Start of EXTRACTED DATA

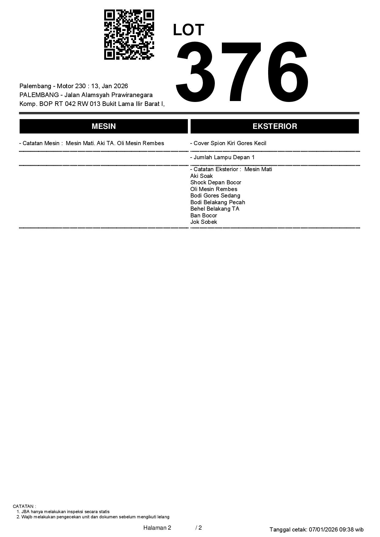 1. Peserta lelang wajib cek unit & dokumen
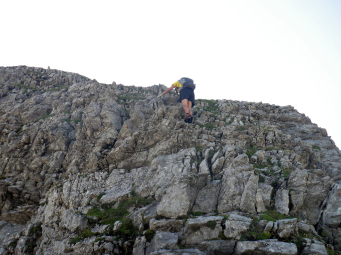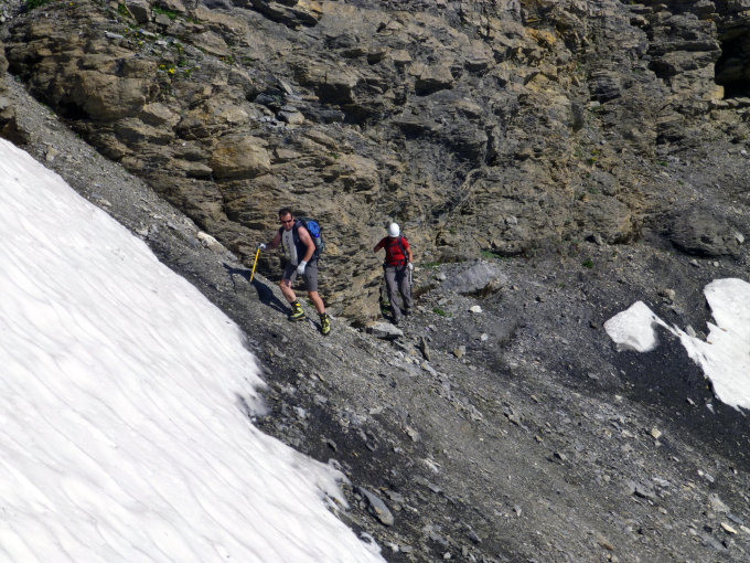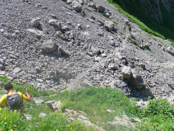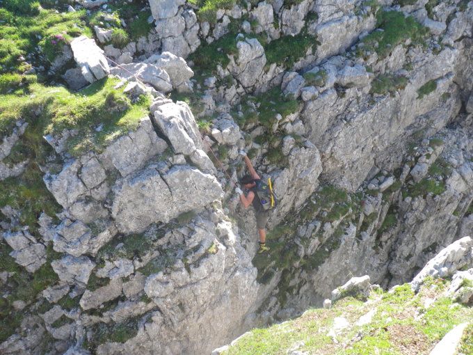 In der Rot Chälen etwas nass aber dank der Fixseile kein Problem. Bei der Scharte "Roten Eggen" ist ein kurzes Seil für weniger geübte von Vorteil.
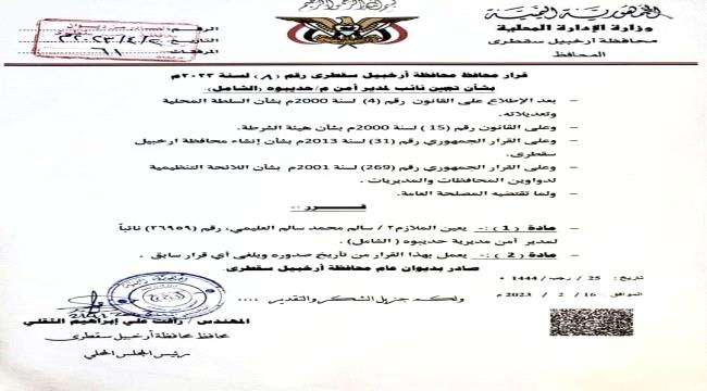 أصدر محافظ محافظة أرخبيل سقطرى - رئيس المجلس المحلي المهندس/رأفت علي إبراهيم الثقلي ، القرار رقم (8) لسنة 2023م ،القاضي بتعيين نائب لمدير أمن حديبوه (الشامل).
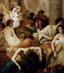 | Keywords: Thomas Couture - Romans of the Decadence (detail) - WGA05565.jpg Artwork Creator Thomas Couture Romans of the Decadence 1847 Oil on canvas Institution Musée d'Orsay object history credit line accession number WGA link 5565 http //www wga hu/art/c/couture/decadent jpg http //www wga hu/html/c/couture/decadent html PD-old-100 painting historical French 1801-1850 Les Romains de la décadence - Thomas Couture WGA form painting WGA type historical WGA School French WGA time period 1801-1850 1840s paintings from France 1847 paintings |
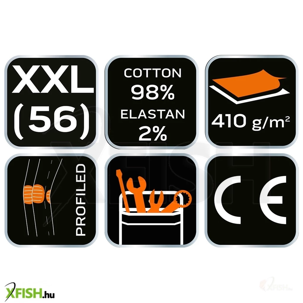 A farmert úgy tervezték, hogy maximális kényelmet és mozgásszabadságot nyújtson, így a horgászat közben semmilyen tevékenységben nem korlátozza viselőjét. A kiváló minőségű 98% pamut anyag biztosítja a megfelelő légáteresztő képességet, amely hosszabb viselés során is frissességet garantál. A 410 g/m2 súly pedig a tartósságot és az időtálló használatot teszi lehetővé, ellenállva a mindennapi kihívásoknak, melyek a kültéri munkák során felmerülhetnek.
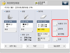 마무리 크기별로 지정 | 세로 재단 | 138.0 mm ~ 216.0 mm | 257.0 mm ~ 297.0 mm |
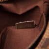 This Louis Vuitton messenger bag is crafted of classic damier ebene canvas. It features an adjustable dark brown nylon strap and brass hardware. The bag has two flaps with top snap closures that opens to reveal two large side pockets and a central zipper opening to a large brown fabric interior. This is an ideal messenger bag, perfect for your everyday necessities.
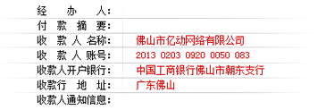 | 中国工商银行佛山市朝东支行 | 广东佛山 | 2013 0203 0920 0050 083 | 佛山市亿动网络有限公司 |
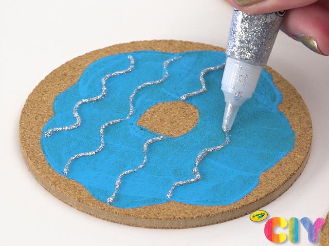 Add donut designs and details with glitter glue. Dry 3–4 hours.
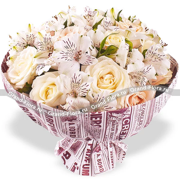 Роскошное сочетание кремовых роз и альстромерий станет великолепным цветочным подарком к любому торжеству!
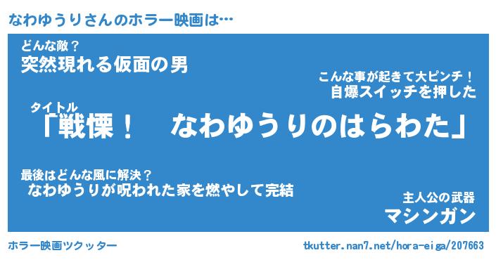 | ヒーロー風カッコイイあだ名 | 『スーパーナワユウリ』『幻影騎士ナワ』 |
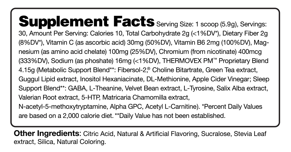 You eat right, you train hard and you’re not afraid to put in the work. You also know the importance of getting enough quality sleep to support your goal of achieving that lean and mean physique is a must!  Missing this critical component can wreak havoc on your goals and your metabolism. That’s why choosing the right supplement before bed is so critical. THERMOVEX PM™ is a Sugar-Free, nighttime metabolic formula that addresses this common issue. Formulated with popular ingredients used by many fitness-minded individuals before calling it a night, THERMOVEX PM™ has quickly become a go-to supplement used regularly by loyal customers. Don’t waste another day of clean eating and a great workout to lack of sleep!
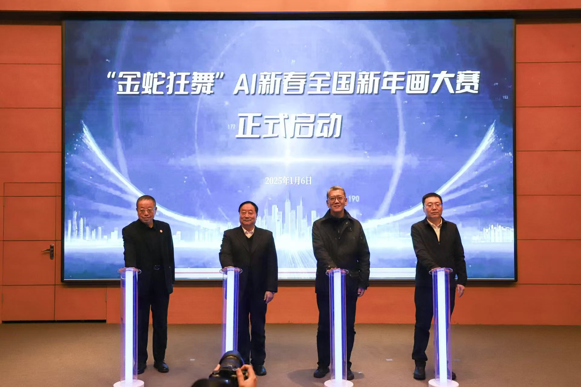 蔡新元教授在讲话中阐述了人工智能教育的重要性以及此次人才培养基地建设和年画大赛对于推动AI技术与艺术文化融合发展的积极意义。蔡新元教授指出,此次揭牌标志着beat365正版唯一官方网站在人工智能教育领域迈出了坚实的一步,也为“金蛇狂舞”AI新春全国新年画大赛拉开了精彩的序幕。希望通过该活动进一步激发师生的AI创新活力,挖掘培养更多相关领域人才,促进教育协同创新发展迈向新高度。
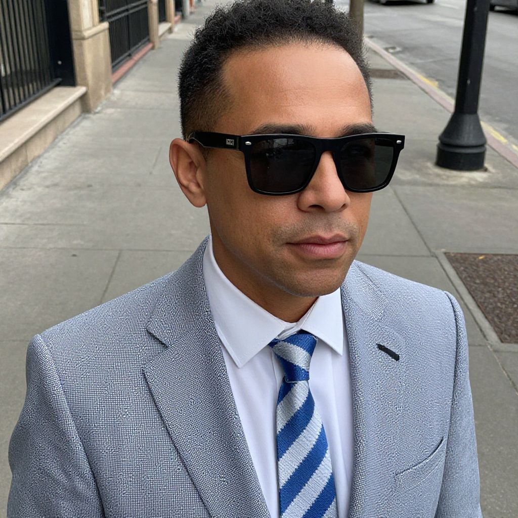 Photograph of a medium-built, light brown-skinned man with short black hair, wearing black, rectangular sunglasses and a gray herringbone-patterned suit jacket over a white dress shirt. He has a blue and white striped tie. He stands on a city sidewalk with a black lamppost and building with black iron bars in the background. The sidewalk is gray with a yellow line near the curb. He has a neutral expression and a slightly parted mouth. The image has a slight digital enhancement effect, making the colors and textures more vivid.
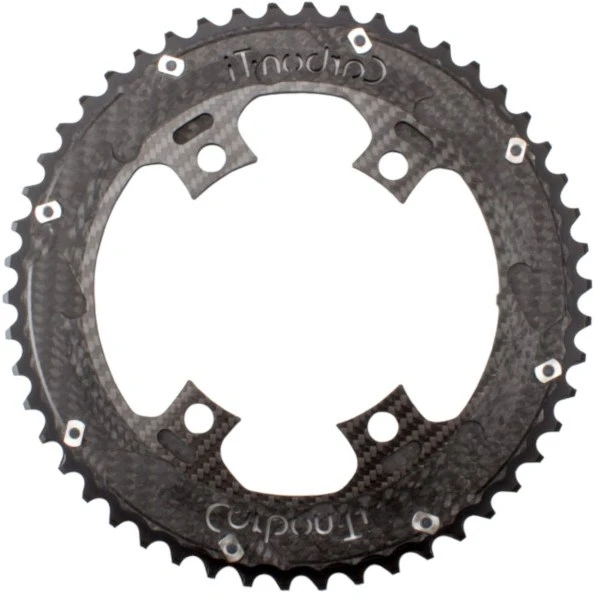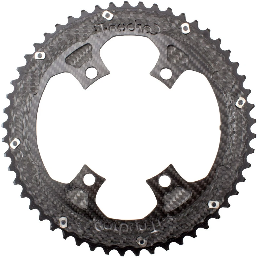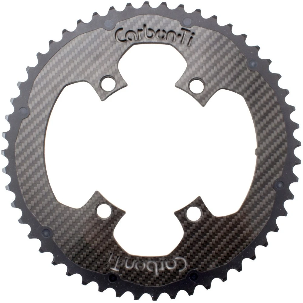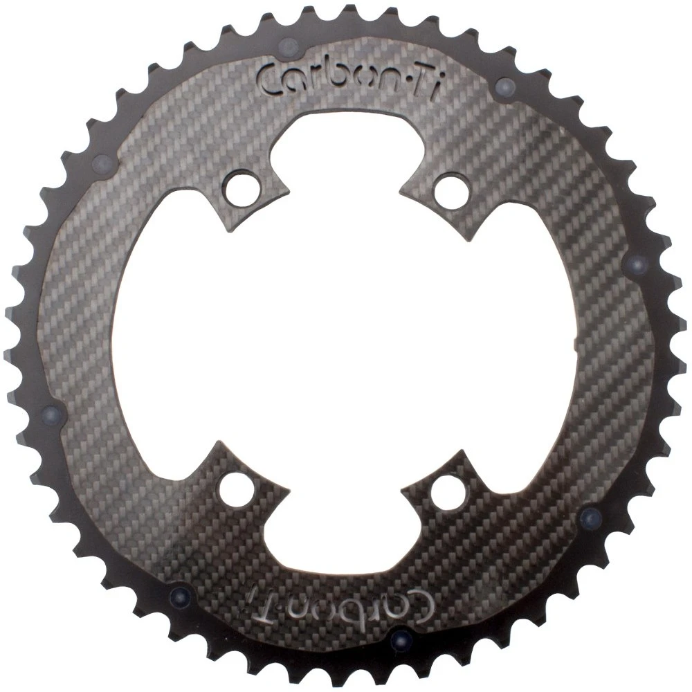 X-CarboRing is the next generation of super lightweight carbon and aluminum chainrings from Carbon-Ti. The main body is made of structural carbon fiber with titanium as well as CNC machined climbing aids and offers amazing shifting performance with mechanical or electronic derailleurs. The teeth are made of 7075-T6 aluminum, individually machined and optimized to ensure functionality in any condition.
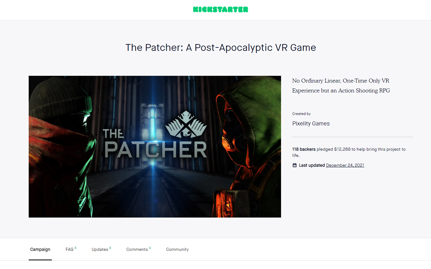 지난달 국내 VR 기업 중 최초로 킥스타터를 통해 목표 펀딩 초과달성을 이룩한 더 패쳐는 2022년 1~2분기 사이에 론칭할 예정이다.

End of EXTRACTED DATA

TASK BRIEF: Reproduce all of the entries exactly as they appear, though any picture they include must be omitted.

WRITTEN ANSWER:
 1. Peserta lelang wajib cek unit & dokumen
 In der Rot Chälen etwas nass aber dank der Fixseile kein Problem. Bei der Scharte "Roten Eggen" ist ein kurzes Seil für weniger geübte von Vorteil.
 أصدر محافظ محافظة أرخبيل سقطرى - رئيس المجلس المحلي المهندس/رأفت علي إبراهيم الثقلي ، القرار رقم (8) لسنة 2023م ،القاضي بتعيين نائب لمدير أمن حديبوه (الشامل).
 | Keywords: Thomas Couture - Romans of the Decadence (detail) - WGA05565.jpg Artwork Creator Thomas Couture Romans of the Decadence 1847 Oil on canvas Institution Musée d'Orsay object history credit line accession number WGA link 5565 http //www wga hu/art/c/couture/decadent jpg http //www wga hu/html/c/couture/decadent html PD-old-100 painting historical French 1801-1850 Les Romains de la décadence - Thomas Couture WGA form painting WGA type historical WGA School French WGA time period 1801-1850 1840s paintings from France 1847 paintings |
 A farmert úgy tervezték, hogy maximális kényelmet és mozgásszabadságot nyújtson, így a horgászat közben semmilyen tevékenységben nem korlátozza viselőjét. A kiváló minőségű 98% pamut anyag biztosítja a megfelelő légáteresztő képességet, amely hosszabb viselés során is frissességet garantál. A 410 g/m2 súly pedig a tartósságot és az időtálló használatot teszi lehetővé, ellenállva a mindennapi kihívásoknak, melyek a kültéri munkák során felmerülhetnek.
 마무리 크기별로 지정 | 세로 재단 | 138.0 mm ~ 216.0 mm | 257.0 mm ~ 297.0 mm |
 This Louis Vuitton messenger bag is crafted of classic damier ebene canvas. It features an adjustable dark brown nylon strap and brass hardware. The bag has two flaps with top snap closures that opens to reveal two large side pockets and a central zipper opening to a large brown fabric interior. This is an ideal messenger bag, perfect for your everyday necessities.
 | 中国工商银行佛山市朝东支行 | 广东佛山 | 2013 0203 0920 0050 083 | 佛山市亿动网络有限公司 |
 Add donut designs and details with glitter glue. Dry 3–4 hours.
 Роскошное сочетание кремовых роз и альстромерий станет великолепным цветочным подарком к любому торжеству!
 | ヒーロー風カッコイイあだ名 | 『スーパーナワユウリ』『幻影騎士ナワ』 |
 You eat right, you train hard and you’re not afraid to put in the work. You also know the importance of getting enough quality sleep to support your goal of achieving that lean and mean physique is a must!  Missing this critical component can wreak havoc on your goals and your metabolism. That’s why choosing the right supplement before bed is so critical. THERMOVEX PM™ is a Sugar-Free, nighttime metabolic formula that addresses this common issue. Formulated with popular ingredients used by many fitness-minded individuals before calling it a night, THERMOVEX PM™ has quickly become a go-to supplement used regularly by loyal customers. Don’t waste another day of clean eating and a great workout to lack of sleep!
 蔡新元教授在讲话中阐述了人工智能教育的重要性以及此次人才培养基地建设和年画大赛对于推动AI技术与艺术文化融合发展的积极意义。蔡新元教授指出,此次揭牌标志着beat365正版唯一官方网站在人工智能教育领域迈出了坚实的一步,也为“金蛇狂舞”AI新春全国新年画大赛拉开了精彩的序幕。希望通过该活动进一步激发师生的AI创新活力,挖掘培养更多相关领域人才,促进教育协同创新发展迈向新高度。
 Photograph of a medium-built, light brown-skinned man with short black hair, wearing black, rectangular sunglasses and a gray herringbone-patterned suit jacket over a white dress shirt. He has a blue and white striped tie. He stands on a city sidewalk with a black lamppost and building with black iron bars in the background. The sidewalk is gray with a yellow line near the curb. He has a neutral expression and a slightly parted mouth. The image has a slight digital enhancement effect, making the colors and textures more vivid.
 X-CarboRing is the next generation of super lightweight carbon and aluminum chainrings from Carbon-Ti. The main body is made of structural carbon fiber with titanium as well as CNC machined climbing aids and offers amazing shifting performance with mechanical or electronic derailleurs. The teeth are made of 7075-T6 aluminum, individually machined and optimized to ensure functionality in any condition.
 지난달 국내 VR 기업 중 최초로 킥스타터를 통해 목표 펀딩 초과달성을 이룩한 더 패쳐는 2022년 1~2분기 사이에 론칭할 예정이다.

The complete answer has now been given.